Like so many other abused women who couldn’t see any light of hope, I cried out to God to help me and He did before I killed my husband and myself, as I had dreamt of doing many times before. However, I had to make a hard choice between escaping the abuse and staying with my children. You see; my husband was a good father and provider, but he was a bad husband. Therefore, I left my children with my husband and ran for my life. However the pain of leaving my kids behind soon landed me in a mental institution for depression. I was a mother with no one to mother. It was my mental health episode that united me with my children and softened my husband’s heart. It was then that God took me through the healing process and restored me to the woman He had created me to be.
Even after our divorce, I was able to forgive my husband. We put the past behind us and rebuilt our relationship to co-parent our children. Prior to my husband’s death we were the best of friends. My children are now grown and very self-sufficient. Each of them is a blessing to my life!
Because of what I have gone through, I now realize my self-worth and how valuable I am. The things that Satan meant to destroy me with were the very things that have made me who I am. Today, I am an ordained evangelist who shares the hope of Jesus with other women who are also victims of abuse or who just don’t know their self-worth. God is allowing me to use this book to help other women realize that with a relationship with God they can transform their lives and become an instrument of hope to others.
"Life Is A Bud Waiting To Blossom"
Like a bud on a bare tree waiting anxiously for the awakening of spring.
Counting the time it will be with each day closer to spring.
Anticipating it’s true self and what life will be. Time is here, for it is spring.
It blooms into a flower. Beautiful to See, Beautiful to Be!
- Cheryle T. Ricks-
Have you ever asked yourself, why you don’t get along with other women or why you are always getting hurt and feeling so badly about yourself? Have you ever tried to figure out why being a woman is so hard and it doesn’t matter what you do; you keep coming back to the same place with the same pain? Have you ever wondered why some women seem to have it all together when your life seems to be getting more and more miserable? Well, you are not alone. The book you are holding will answer these questions and a whole lot more. It will help you find yourself
and teach you how to love the you that you find. It will help you process all of those things that brought you so much pain by identifying what the womanhood process is and how to complete it. It will allow you to see that the very thing we need as women is the very thing we avoid, each other.

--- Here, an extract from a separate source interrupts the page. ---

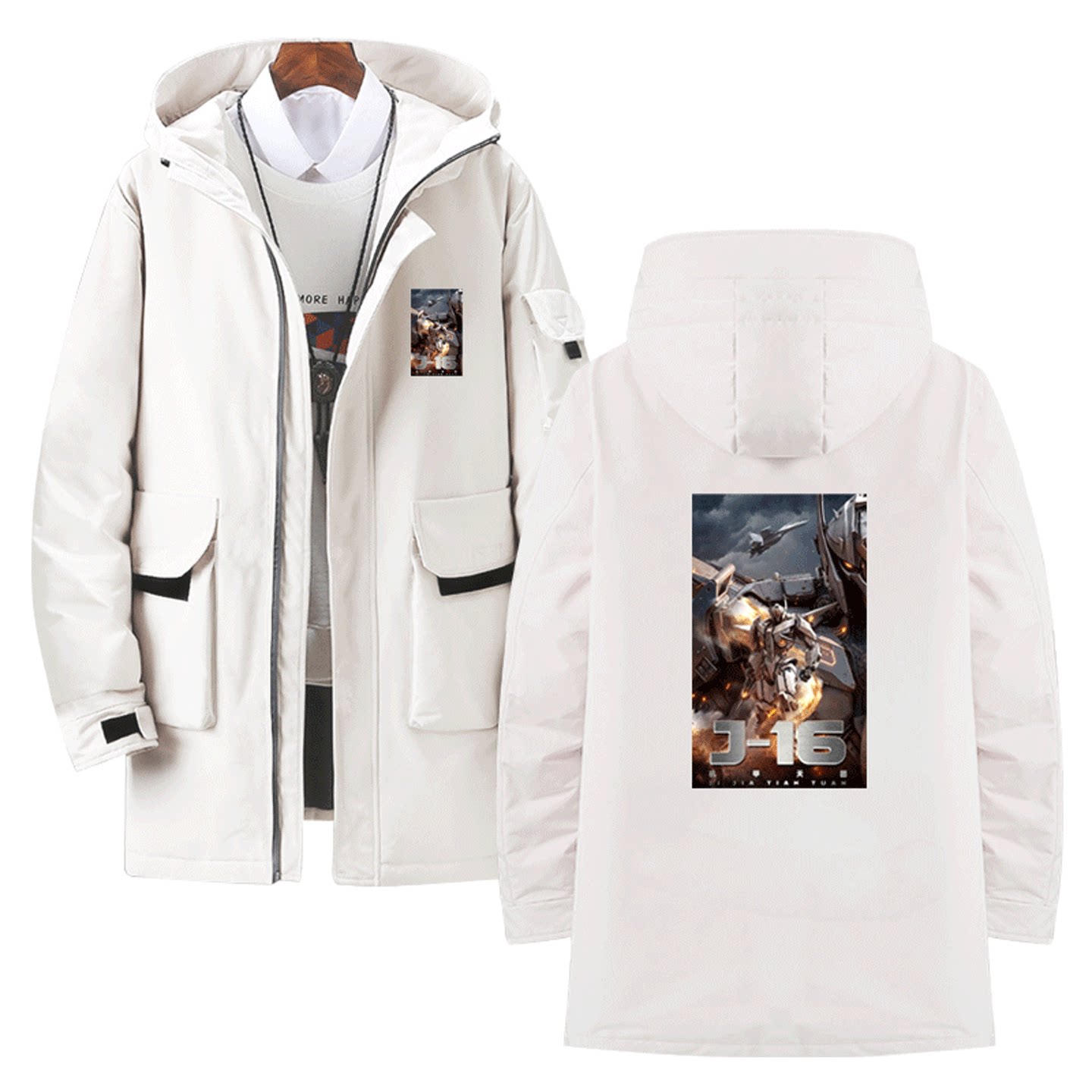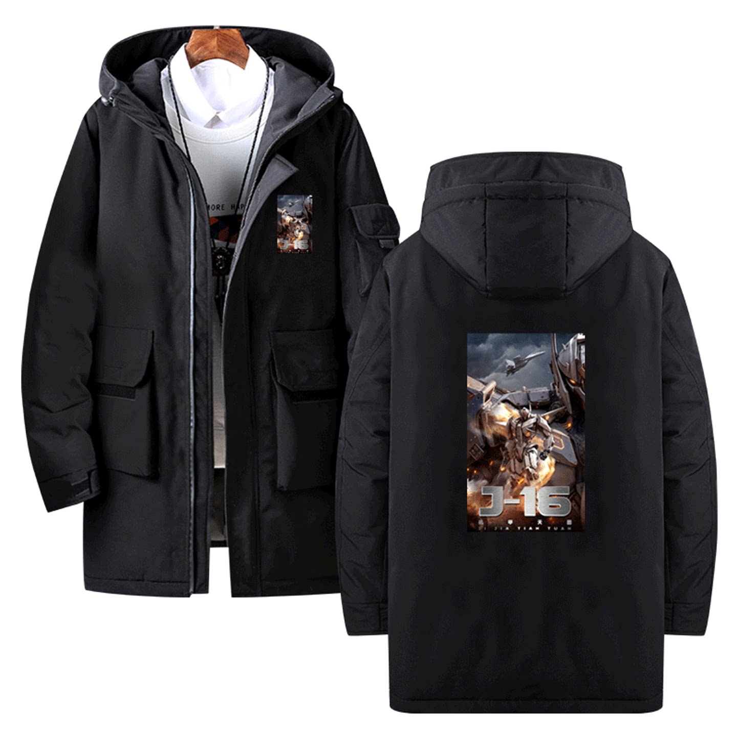 国潮动漫机甲纪元J-16变形战术机甲潜龙男女休闲情侣中长款羽绒服

The key to our well-being is in the hands of the women in our circle. Over the years, women have distanced themselves from one another and some women now view each other as enemies. However, our strength and wholeness comes from interacting with other women. We have a great deal in common because of the process of womanhood. It is the same for all women. It plays out in different ways, but the pits we all fall into bring the same pain and devaluation to each of us. When women mature enough to recognize that other women are allies and not enemies; we gain the true secret of womanhood, oneness. God created the world, but women nurture it. God has entrusted women with this awesome job because He has connected us to the universe. Women have the ability to identify what is going on and what is needed. Therefore, we have our hand on the pulse of everything. What an honor and privilege to be chosen as the keepers of the world. But this job is too great for any of us to do on our own. We need each other! Together we stand, divided we all fall, along with everyone who is depending on us! You can have a life that you enjoy waking up to even if you are facing a problem or difficult situation by allowing God to love you right where you are, the way you are. Also, by learning that receiving forgiveness and giving forgiveness frees us from the prison that many of us find ourselves in. We must give ourselves permission to be human and imperfect while still having a right relationship with ourselves, which is the key to having a right relationship with others. A sister circle will do just that, because it is a group of women who come together for the purpose of sharing their frustrations, challenges and fears; to gain the knowledge, assistance, help and support that will equip them to become better mothers, grandmothers, daughters, sisters, aunts, friends, and wives to their families and community. A sister circle can help women to understand their value, worth and their importance to the betterment of our world.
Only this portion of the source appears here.